Background information
- Born: 1983 (age 42–43) Halifax, West Yorkshire, England
- Origin: Glasgow, Scotland
- Genres: Scottish folk music
- Instruments: guitar, singing
- Years active: 2003–present
- Website: jennbutterworth.co.uk

= Jenn Butterworth =

Scottish folk guitarist and singer

Jennifer Butterworth, known as Jenn Butterworth, is an acoustic folk guitarist and singer based in Glasgow, Scotland, who was awarded the title "Musician of the Year" at the 2019 Scots Trad Music Awards, and was nominated for the same title at the 2019 BBC Radio 2 Folk Awards. She was a founder member of Kinnaris Quintet, who won the Belhaven Bursary for Innovation in Scottish Music at the 2019 Scots Trad Music Awards.

==Early life==
Butterworth was born in Halifax, West Yorkshire and grew up near Whithorn, Dumfries and Galloway.
She had fiddle lessons at school from the age of eleven, and started to teach herself the guitar from about the age of thirteen.
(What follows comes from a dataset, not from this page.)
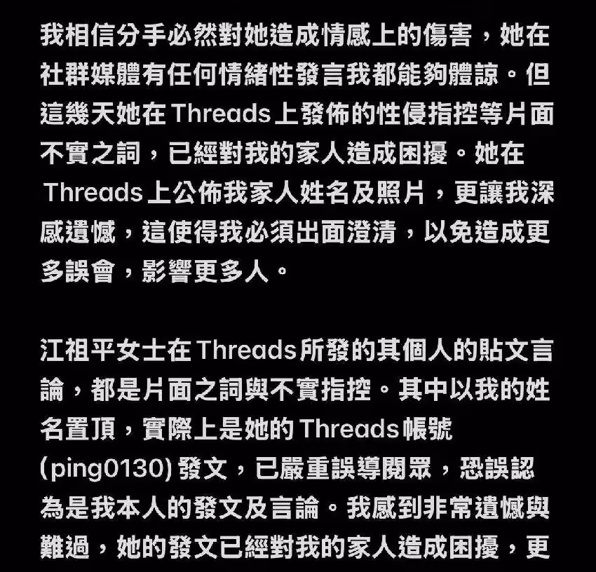 並指江祖平在Threads所發貼文均為片面之詞與不實指控,除請對方撤銷下不實發文外,並願意進行司法調查。

She would go to festivals with her father and play in sessions. At first she played fiddle in sessions, but then started to sing, accompanying herself on the guitar.
In 2000 she moved to Glasgow to study the BA (Hons) Applied Music at the University of Strathclyde, and has remained in Glasgow.

==Career==
Butterworth had started playing with Anna Massie while they were both students and for the first few years after graduating she was recording and touring as part of Massie's band. She was a member of the Rachel Hair Trio, has made two albums with Claire Hastings, and has numerous studio and live accompaniment credits, including having accompanied Liz Carroll at the 2019 Scots Fiddle Festival.
In 2015 Butterworth was part of the music project Songs of Separation, together with ten women folk musicians from Scotland and England including Eliza Carthy, Karine Polwart and Mary Macmaster. Their album, created in just six days on the Isle of Eigg, won the 'Best Album' category in the 2017 BBC Radio 2 Folk Awards.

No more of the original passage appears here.